Mutations affecting the superantigen activity of staphylococcal enterotoxin B.

C Briggs 1, C Garcia 1, L Zhang 1, L Guan 1, J L Gabriel 1, T J Rogers 1
PMCID: PMC1456745  PMID: 9135543

Abstract

As a superantigen, staphylococcal enterotoxin B (SEB) possesses the ability to bind to major histocompatibility complex class II molecules and be recognized by T cells bearing certain T-cell receptor (TCR) V beta alleles. Other investigators have utilized site-specific mutagenesis to generate amino acid substitutions to identify residues that may be involved in the interaction with the TCR beta-chain. In an attempt further to define the face of the SEB molecule involved in the interaction with the beta-chain, we have employed a polymerase chain reaction (PCR)-based, site-specific mutagenesis method to generate amino acid substitutions with altered superantigen activity.
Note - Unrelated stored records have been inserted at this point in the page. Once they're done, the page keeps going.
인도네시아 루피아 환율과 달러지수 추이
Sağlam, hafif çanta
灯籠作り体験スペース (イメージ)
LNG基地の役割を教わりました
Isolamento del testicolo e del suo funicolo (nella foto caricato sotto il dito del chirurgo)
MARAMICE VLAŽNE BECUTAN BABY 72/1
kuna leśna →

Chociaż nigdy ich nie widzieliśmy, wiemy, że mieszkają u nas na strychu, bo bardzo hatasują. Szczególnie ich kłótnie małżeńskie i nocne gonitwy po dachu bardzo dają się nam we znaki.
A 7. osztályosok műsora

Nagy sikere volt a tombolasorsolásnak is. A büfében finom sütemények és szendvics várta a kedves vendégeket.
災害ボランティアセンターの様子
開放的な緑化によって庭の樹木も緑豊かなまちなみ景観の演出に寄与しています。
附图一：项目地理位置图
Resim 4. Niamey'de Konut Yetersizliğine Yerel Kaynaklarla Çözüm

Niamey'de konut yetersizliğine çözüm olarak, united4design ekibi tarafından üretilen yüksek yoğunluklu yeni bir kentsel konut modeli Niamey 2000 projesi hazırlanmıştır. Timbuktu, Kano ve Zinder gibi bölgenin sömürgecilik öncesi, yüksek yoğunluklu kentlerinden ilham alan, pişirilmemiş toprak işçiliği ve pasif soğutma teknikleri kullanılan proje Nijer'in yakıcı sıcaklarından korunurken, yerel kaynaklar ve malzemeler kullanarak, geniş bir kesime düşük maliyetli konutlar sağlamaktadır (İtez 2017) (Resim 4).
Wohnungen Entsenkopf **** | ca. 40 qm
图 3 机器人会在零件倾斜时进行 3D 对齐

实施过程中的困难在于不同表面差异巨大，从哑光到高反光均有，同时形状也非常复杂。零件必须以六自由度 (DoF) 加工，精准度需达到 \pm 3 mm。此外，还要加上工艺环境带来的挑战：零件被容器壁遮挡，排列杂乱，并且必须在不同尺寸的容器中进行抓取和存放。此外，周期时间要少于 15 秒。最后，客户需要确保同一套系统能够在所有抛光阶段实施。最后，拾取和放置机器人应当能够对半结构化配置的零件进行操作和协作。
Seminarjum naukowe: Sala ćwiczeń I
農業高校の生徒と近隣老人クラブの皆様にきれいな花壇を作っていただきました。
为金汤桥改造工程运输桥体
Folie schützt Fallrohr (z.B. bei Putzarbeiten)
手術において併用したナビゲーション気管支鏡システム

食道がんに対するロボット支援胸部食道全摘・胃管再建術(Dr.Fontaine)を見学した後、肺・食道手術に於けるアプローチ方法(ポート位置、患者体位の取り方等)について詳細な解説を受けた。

Our results show that valine at position 169 appears to be involved in the function of this superantigen, since each of several substitutions at this position exhibit a significantly reduced ability to induce T-cell proliferation. Analysis of the responding T cells to the residue 169 substitution shows that the mutant toxins maintain TCR V beta selectivity. At the same time, mutation of the proximal histidine at position 166 does not alter the superantigen activity of SEB. Radiolabelled binding analysis of these H166 and V169 mutants shows that class II-binding activity is not significantly altered. When viewed in the context of other results reported in the literature, combined with the crystal structure of the toxin, our results suggest that the interaction with the TCR probably involves SEB residues which ring a cavity along one side of the toxin molecule.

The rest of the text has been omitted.